Leah Rae
There came a point early on while watching The Accident at the Vancouver International Fringe Fest (unfortunately coinciding with my $3 Backstage Lounge beer buzz wearing off) that I realized “oh God, there’s only going to be one guy in this show”. That wouldn’t have been a bad thing if the guy had been say, Daniel MacIvor, or Robert LePage, but Jonno Katz of Australia’s Epicworlds can not count himself in this company. Rather than switching seamlessly between well-constructed characters, Katz instead flopped around the stage, flipping between roles erratically in a manner that looked less like theatre and more like he’d left his meds down unda’.

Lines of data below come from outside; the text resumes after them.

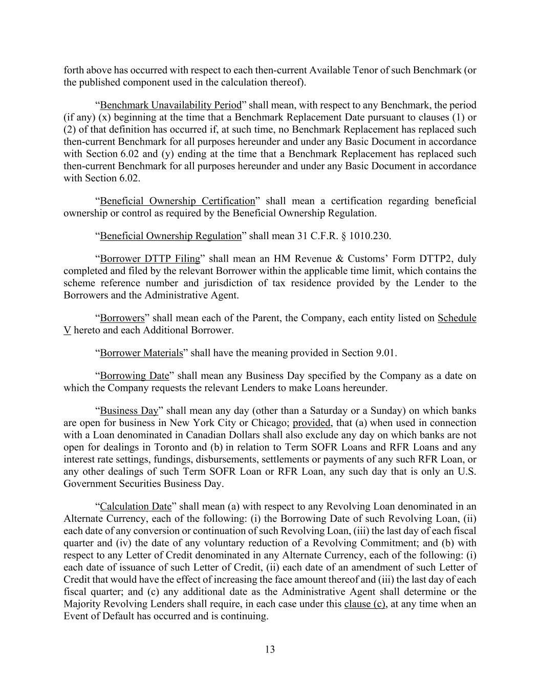 13 forth above has occurred with respect to each then-current Available Tenor of such Benchmark (or the published component used in the calculation thereof). “Benchmark Unavailability Period” shall mean, with respect to any Benchmark, the period (if any) (x) beginning at the time that a Benchmark Replacement Date pursuant to clauses (1) or (2) of that definition has occurred if, at such time, no Benchmark Replacement has replaced such then-current Benchmark for all purposes hereunder and under any Basic Document in accordance with Section 6.02 and (y) ending at the time that a Benchmark Replacement has replaced such then-current Benchmark for all purposes hereunder and under any Basic Document in accordance with Section 6.02. “Beneficial Ownership Certification” shall mean a certification regarding beneficial ownership or control as required by the Beneficial Ownership Regulation. “Beneficial Ownership Regulation” shall mean 31 C.F.R. § 1010.230. “Borrower DTTP Filing” shall mean an HM Revenue & Customs’ Form DTTP2, duly completed and filed by the relevant Borrower within the applicable time limit, which contains the scheme reference number and jurisdiction of tax residence provided by the Lender to the Borrowers and the Administrative Agent. “Borrowers” shall mean each of the Parent, the Company, each entity listed on Schedule V hereto and each Additional Borrower. “Borrower Materials” shall have the meaning provided in Section 9.01. “Borrowing Date” shall mean any Business Day specified by the Company as a date on which the Company requests the relevant Lenders to make Loans hereunder. “Business Day” shall mean any day (other than a Saturday or a Sunday) on which banks are open for business in New York City or Chicago; provided, that (a) when used in connection with a Loan denominated in Canadian Dollars shall also exclude any day on which banks are not open for dealings in Toronto and (b) in relation to Term SOFR Loans and RFR Loans and any interest rate settings, fundings, disbursements, settlements or payments of any such RFR Loan, or any other dealings of such Term SOFR Loan or RFR Loan, any such day that is only an U.S. Government Securities Business Day. “Calculation Date” shall mean (a) with respect to any Revolving Loan denominated in an Alternate Currency, each of the following: (i) the Borrowing Date of such Revolving Loan, (ii) each date of any conversion or continuation of such Revolving Loan, (iii) the last day of each fiscal quarter and (iv) the date of any voluntary reduction of a Revolving Commitment; and (b) with respect to any Letter of Credit denominated in any Alternate Currency, each of the following: (i) each date of issuance of such Letter of Credit, (ii) each date of an amendment of such Letter of Credit that would have the effect of increasing the face amount thereof and (iii) the last day of each fiscal quarter; and (c) any additional date as the Administrative Agent shall determine or the Majority Revolving Lenders shall require, in each case under this clause (c), at any time when an Event of Default has occurred and is continuing.
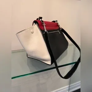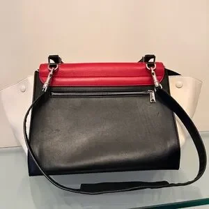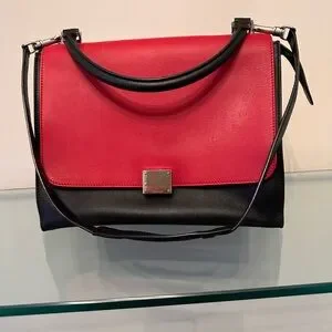 Chic Celine shoulder bag with bold red, black, and white design. Perfect for elevating any look.
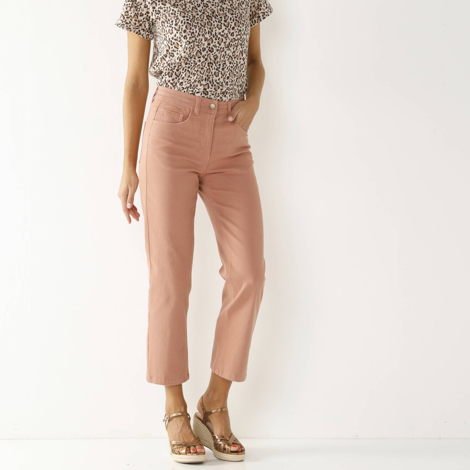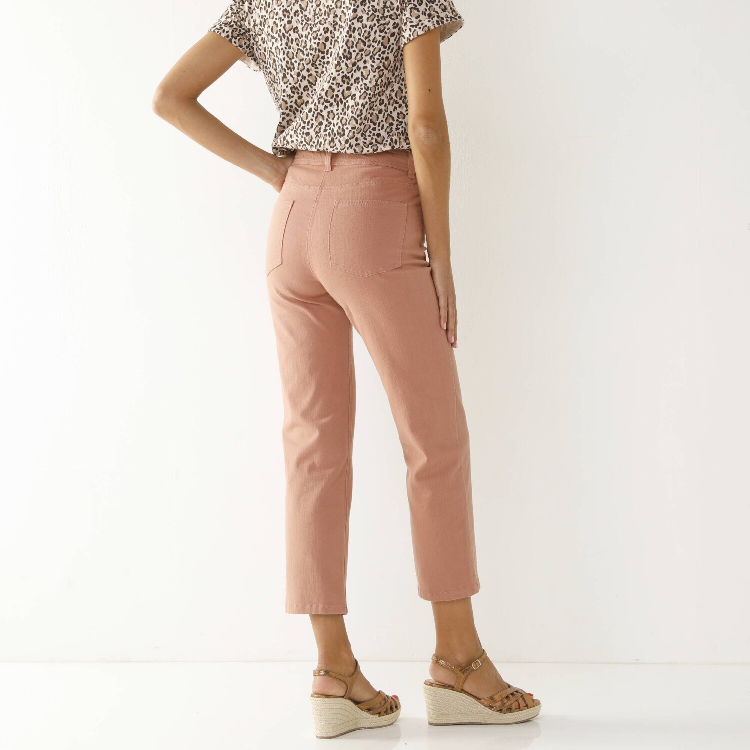 Wzbogać swoją garderobę o wyszczuplające spodnie o długości 7/8, które są równie pochlebne, co wygodne. Regularna wysokość talii. Prosty, lekko rozszerzany krój, łatwy w utrzymaniu. Wewnętrzna regulacja za pomocą elastycznej gumki i guzika. Wyprofilowany pas z elastyczną regulacją po bokach z przodu i z tyłu. Wzmocnienie talii z przodu dla efektu płaskiego brzucha. Zapięcie na zamek błyskawiczny i metalowy guzik. 2 kieszenie i 1 kieszeń z przodu. Uniesiony panel tylny. 2 naszyte kieszenie z tyłu. Certyfikat OEKO-TEX Made In Green. Oprócz weryfikacji kilkuset substancji chemicznych, które przyczyniają się do wysokiego bezpieczeństwa, etykieta ta gwarantuje rozważne zasady produkcji i kontrolowane praktyki społeczne. Można prać w pralce.
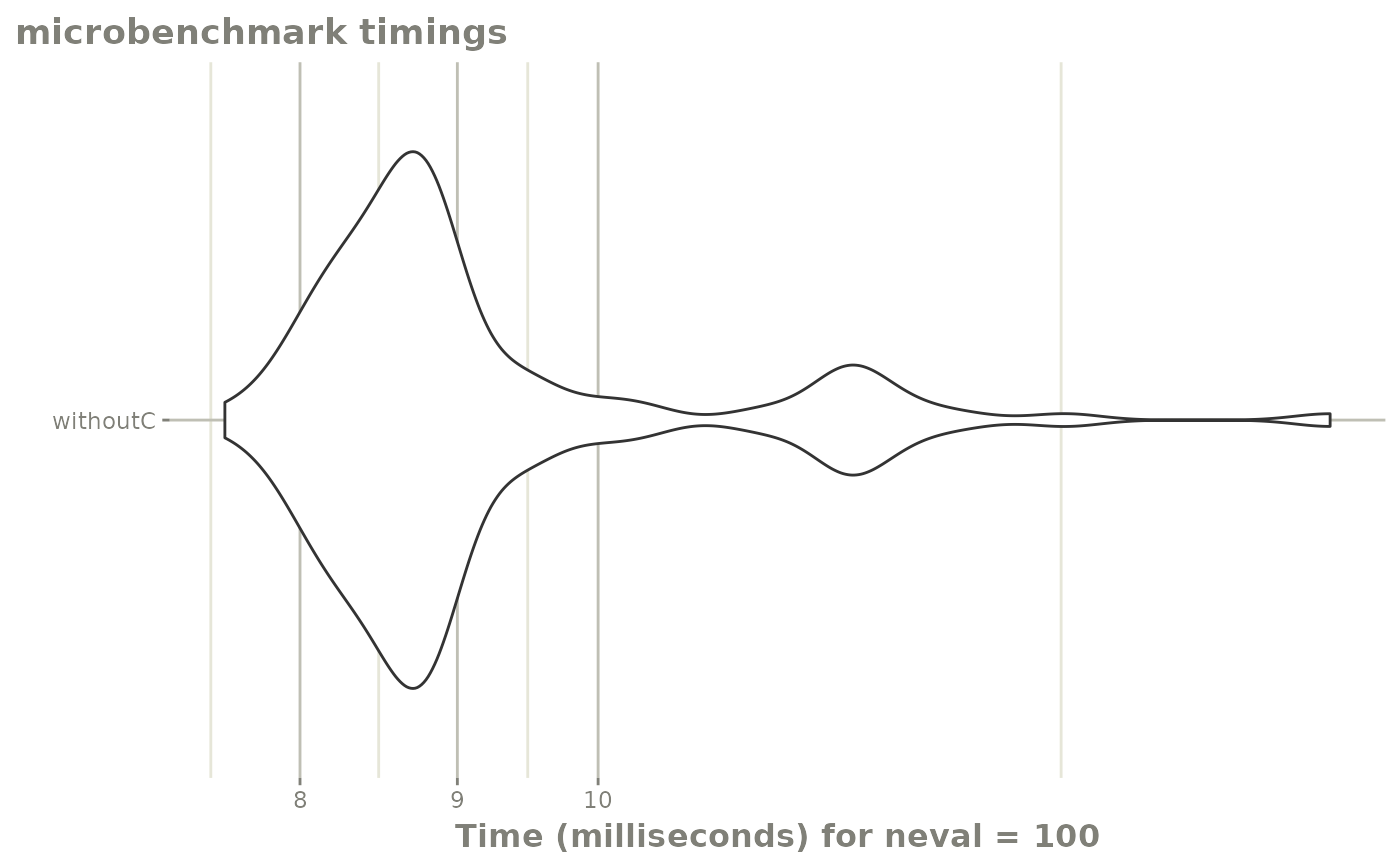 #> withC 2.807305 2.962884 3.196490 3.058206 3.369417 8.022814 100The C version is almost twice as fast as the R version. You may have
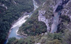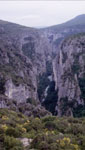 bis nach Castellane. In Castellane verlassen wir die Route Napoleon und folgen dem Flusslauf des Verdon zum "Grand Canyon du Verdon", dem groessten Flusscanyon Europas, dessen senkrechte Waende bis zu 700 m hoch sind. Beim Anblick einer solchen landschaftlichen Pracht nehmen wir uns vor, den Canyon noch mal in aller Ruhe ganz zu umrunden, und auch die ganze Schlucht abzufahren. Die Hauptstrasse kuerzt bei la Palud ein grosses Stueck des Canyons ab.
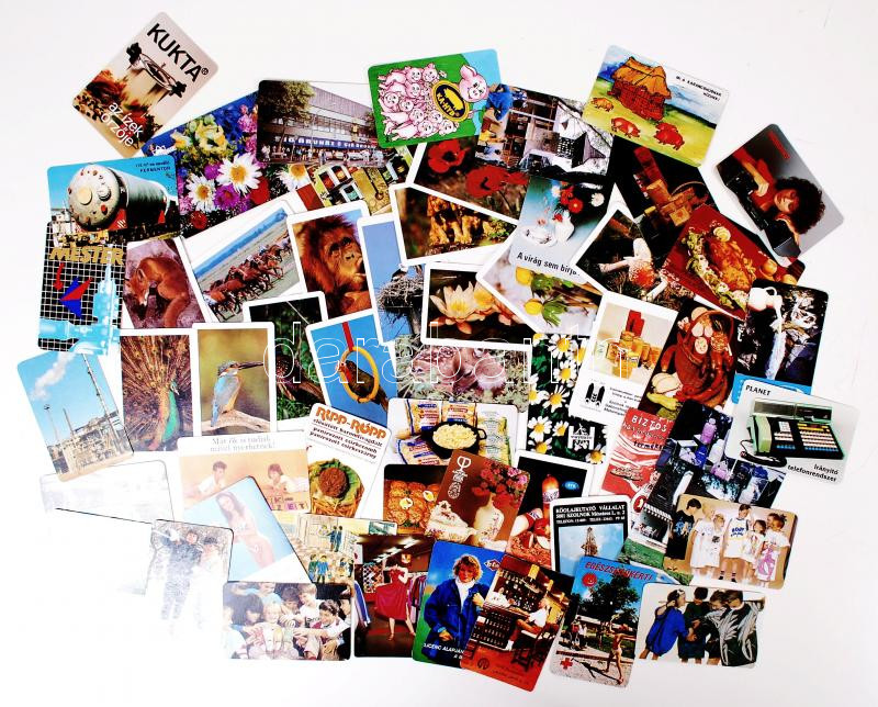 1988 55db kártyanaptár vegyes témákban (állatok, virágok, ipari, mezőgazdasági, kereskedelmi egységek). Köztük ritka kisüzemi példányok is, szép állapotban.
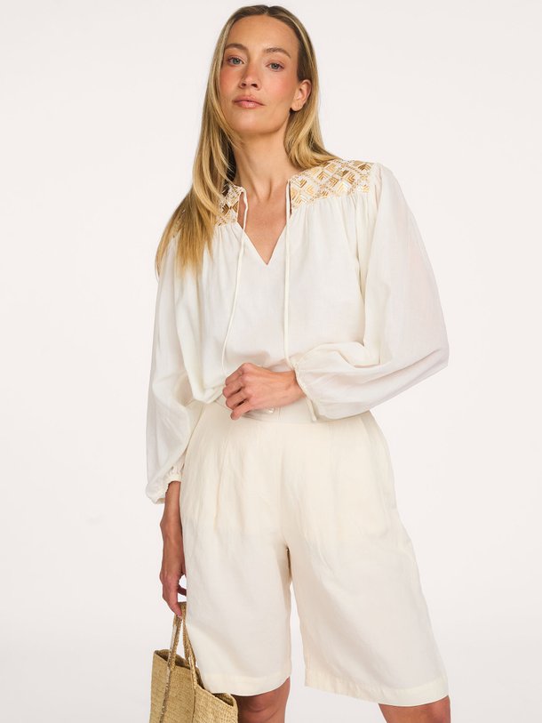 Greek Archaic Kori Katoenen blouse met borduursel | Orangebag
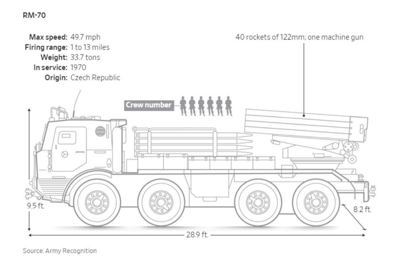 Cộng hòa Séc đã chuyển cho Ukraine khoảng 20 hệ thống phóng tên lửa RM-70, một hệ thống tương tự như Grad của Nga. Theo Mỹ, hệ thống này có thể bắn nhiều tên lửa và loạt đạn riêng rẽ. Biến thể RM-70 Vampire là phiên bản được nâng cấp của Slovakia, với tốc độ lên tới 56 dặm/giờ cùng hệ thống lái bán tự động. Mẫu vũ khí này cũng nằm trong số thiết bị quân sự mà Séc gửi cho Ukraine.

It seems like Katz was banking on past successes to help him hype this show (my friend Diana from New Works said his show The Spy was good) and for the most part this must have worked - all the ladies I overheard in the washroom at the Fringe Club thought the show was great. I thought it was dull, predictable and at times even a little bit offensive (is the only way to play female mincing in a campy falsetto?) Also, unless you’re really good at it, miming is mostly boring. Especially when you’re mime kissing. Gross. And so what if you’ve got a mug reminiscent of Wallace from Wallace and Gromit? Guess what? Making a funny face isn’t the same as being funny. As for the “movement” sections, they were painfully narrative, while the narrative sections were vague. There was one section that carried weight: in a single beam of blue light, Katz huddles over an invisible walker, crawling towards mortality. It was a beautiful moment, but, as is life, it was fleeting. If writer/performer Katz had spent more time finessing the script and less time phoning it in, I would have spent more time laughing and less time checking my watch in the dark.